Kay Burley Skewers Minister Over Claims Sue Gray Report Is 'Independent'

The Sky presenter reminded Simon Clarke just who Sue Gray's boss is this morning.
Kay Burley interviewing chief secretary to the Treasury Simon Clarke
Kay Burley interviewing chief secretary to the Treasury Simon Clarke
Sky News

Kay Burley repeatedly pointed out just why Sue Gray’s report into partygate should not be described as independent during an uncomfortable interview with a minister.

The internal probe, led by senior civil servant Gray, is set to be published this week now the Metropolitan Police’s investigation concluded after handing out 126 fines.

However, eyebrows have been raised after prime minister Boris Johnson had a “secret” meeting with Gray over the report’s publication.

Sky News presenter Burley subsequently pointed out to Simon Clarke, chief secretary to the Treasury: “The optics are not good, are they, when the prime minister, has a private meeting with the person who is writing the report.”

Clarke replied: ″The civil service is independent, I think it’s important that we reaffirm that this process is totally independent of any political pressure.”

Burley pushed: “Who’s her boss?”

“Her boss is Simon Case, the cabinet secretary.”
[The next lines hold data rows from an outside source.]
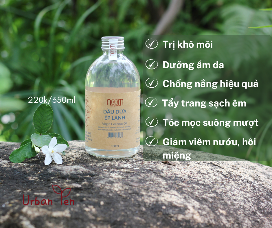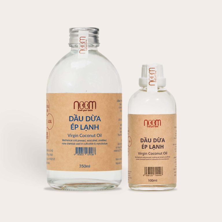 Nguyên liệu của dầu dừa ép lạnh noom gồm 100% cơm dừa tươi thu hoạch từ vườn hữu cơ sinh thái tại Bến Tre với phương pháp canh tác hoàn toàn không hóa chất, chỉ bồi đất phù sa và duy trì độ ẩm bằng đường mương tự nhiên, không cần tưới tiêu hay bón phân.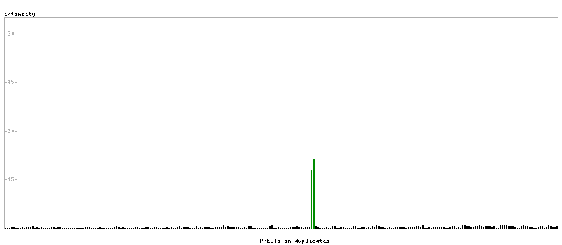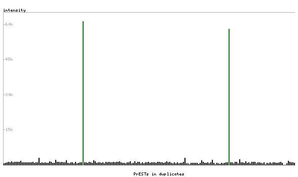 At the top of the view, the position of the antigen (identified by the corresponding HPA identifier) is shown as a green bar. A yellow triangle on the bar indicates a <100% sequence identity to the protein target.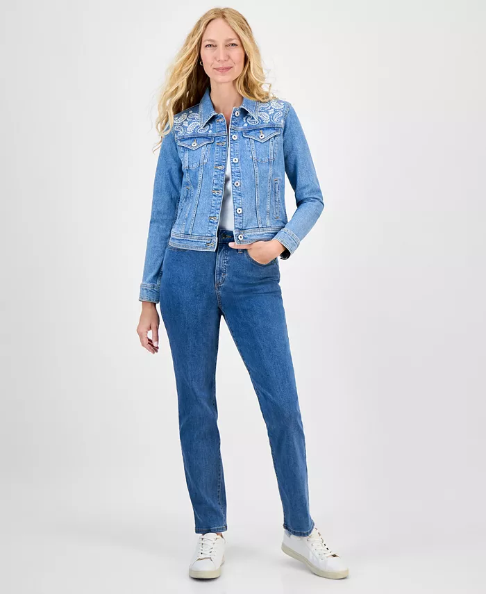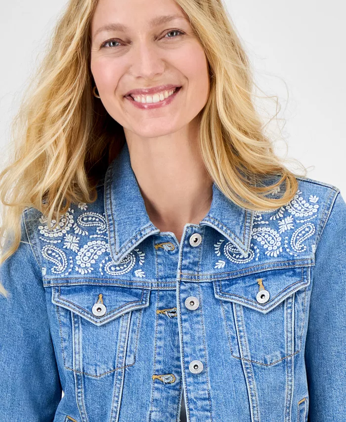 Women’s Embroidered Denim Jacket, Exclusively at Macy’s

She said: “And who’s his boss?”

“Well, ultimately the prime minister is in charge of the government,” but he added: “The civil service stands apart from the political structures of government.”
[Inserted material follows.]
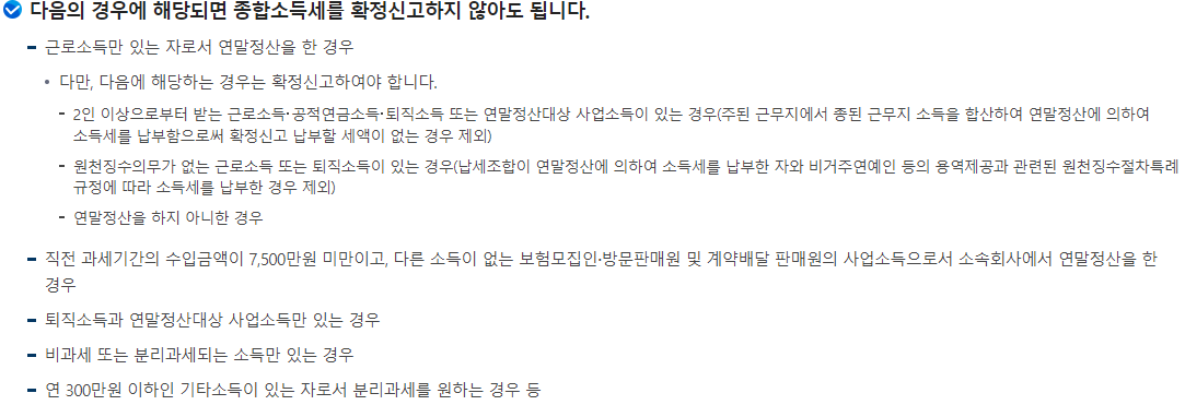 그러나 직장에서 근로소득을 받고 있어도 여러이유로 인해 근로소득외 소득이 발생하게 되어 종합과세 대상이 된다면 5월에 있는 종합소득세 신고 납부를 해야 한다. 그러나 연간 2천만원을 초과하지 않는 금융소득이 있거나, 연간 2천만원 이하의 부동산 임대소득만 있거나, 1,200만원 이하의 사적 연금을 수령했다면 종합과세가 아닌 분리과세를 선택할 수 있다.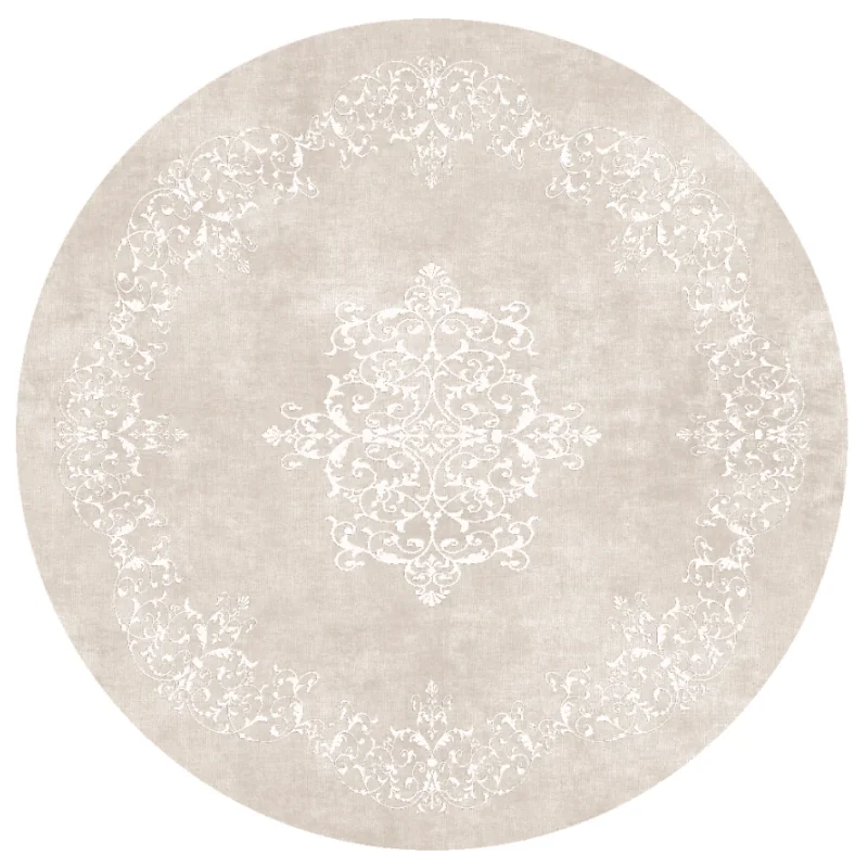 Okrągły dywan Santi (beżowy/biały) 240 cm z kolekcji Trendcarpet Art Line to nowoczesny dywan, który świetnie podkreśla aranżację salonu i pomieszczeń reprezentacyjnych. Modny wzór inspirowany współczesnym designem sprawia, że dywan staje się mocnym elementem wystroju, a jednocześnie pozostaje łatwy do dopasowania dzięki spokojnej,

He continued, claiming Gray is one of the “most respected” figures in the civil service.

Clarke said: “I do not believe in any way that we should conflate the fact that the prime minister obviously sits atop the whole government, from the fact that the civil service is capable from standing apart from the political issues of the day.”
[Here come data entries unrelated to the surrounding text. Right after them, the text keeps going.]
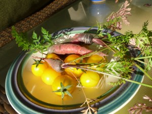 Quail egg, potage, ginger for the first course. Photo by Christine Willmsen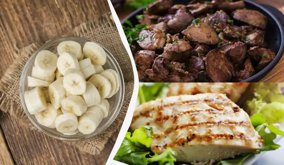 Een portie runderlever of kipfilet heeft meer vitamine B6 dan één banaan / collage My, foto door depositphotos.com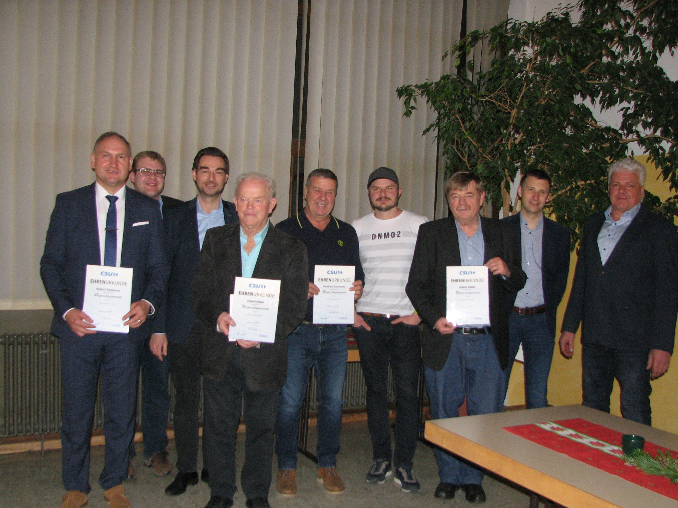 Auf 35 Jahre Mitgliedschaft bringt es Hans Kneißl, 30 Jahre gehört der ehemalige Marktrat Herbert Schmid den Christ-Sozialen an. Für zwei Jahrzehnte Mitgliedschaft in der CSU wurde Rathauschef Kammerer gewürdigt. Reinhard Sassmann und Marktgemeinderat Johannes Wittmann sind seit 15 Jahren dabei, und Tobias Schmid ist seit 10 Jahren Mitglied. Alle wurden mit Urkunden ausgezeichnet.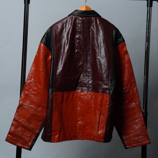 Upcycled Leather Colorblock Jacket Size XL
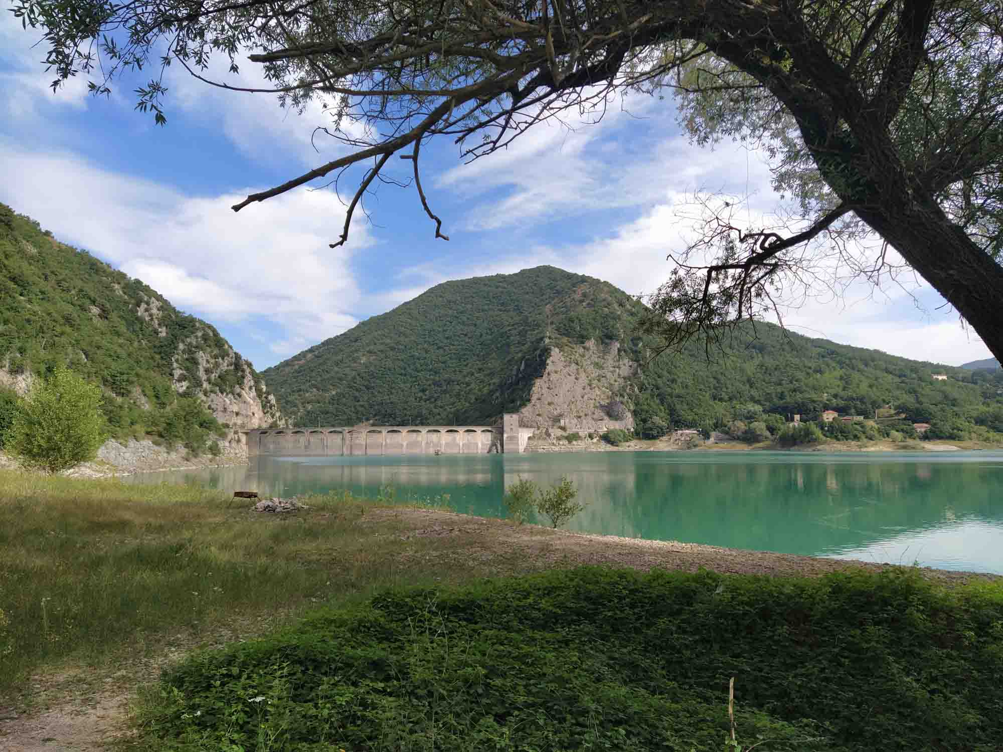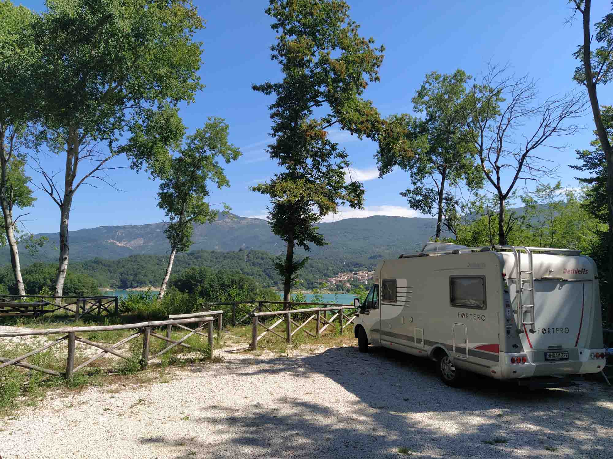Was für einen Unterschied ein paar Grad doch ausmachen können. In der Nacht war das Thermometer auf bis zu 20 Grad herunter gegangen und wir haben perfekt geschlafen. Um 17 Uhr war es draußen auch noch angenehm kühl und so kletterten wir mit Berta den Abhang zum See hinunter wo sie in aller Ruhe ausgiebig schnüffeln konnte. Danach gab es Frühstück und dann fuhren wir noch 5 km weiter bis wir unseren eigentlichen Stellplatz erreichten. Dies war ein wunderschöner kleiner Picknickplatz mit einem tollen Ausblick über den See, den wir für den restlichen Tag ganz für uns alleine hatten. Anfangs standen wir noch im Schatten der Bäume und später fuhren wir die Markise aus und machten uns unseren eigenen Schatten. So verbrachten wir mal wieder einen entspannten Tag draußen und auch Berta konnte sich ein bisschen von dem anstrengenden gestrigen Tag erholen.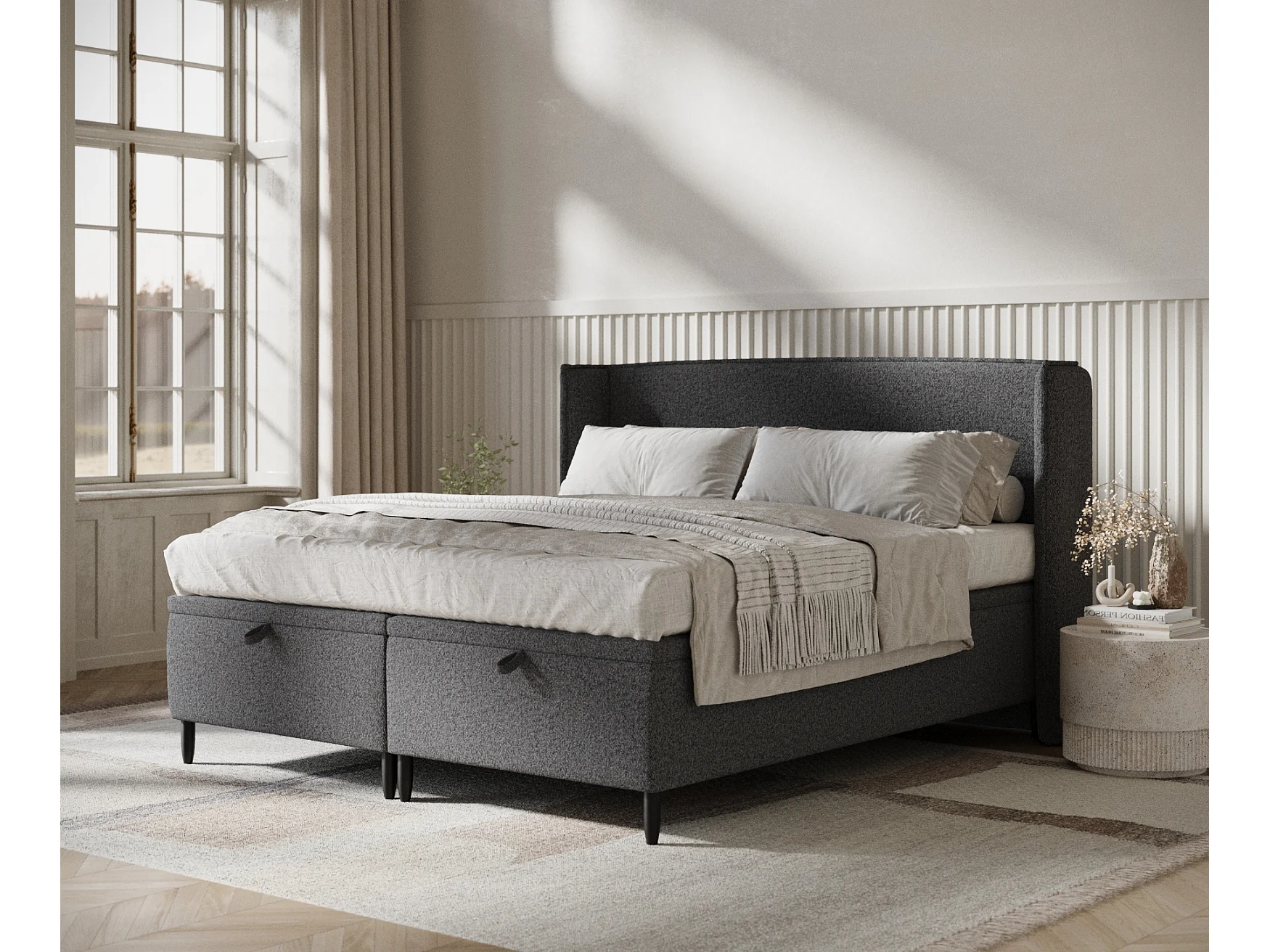 Lit coffre en toile tissée Ritual - 200 x 200 cm - noir

“The optics are somewhat askew,” Burley pointed out once again.

“I really, really don’t think so. There are lots of genuine practical issues, when publishing a report of this nature which has significance not just for the prime minister himself, but for many people who do not have a voice and platform, very junior civil servants, very junior political staffers – the question of whether any of them are named in the report, the questions included within in it.

“The questions are not straightforward here and are genuinely sensitive for people’s lives, careers and public profiles.”

Burley said: ″But he shouldn’t be getting involved in that, should he, if it’s an independent report?”

“I do not believe this meeting was anything other than a discussion of the technicalities of the process. It would be genuinely wrong to impugn there has been any pressure put on the nature of this report, in any way.”

It’s also worth noting that Johnson did actually order the inquiry himself when the partygate revelations started to come to light.

He also set the terms of reference for her report, and Gray handed the review to the prime minister first before it was sent to the police to help them conduct their own criminal investigation into the Downing Street lockdown parties.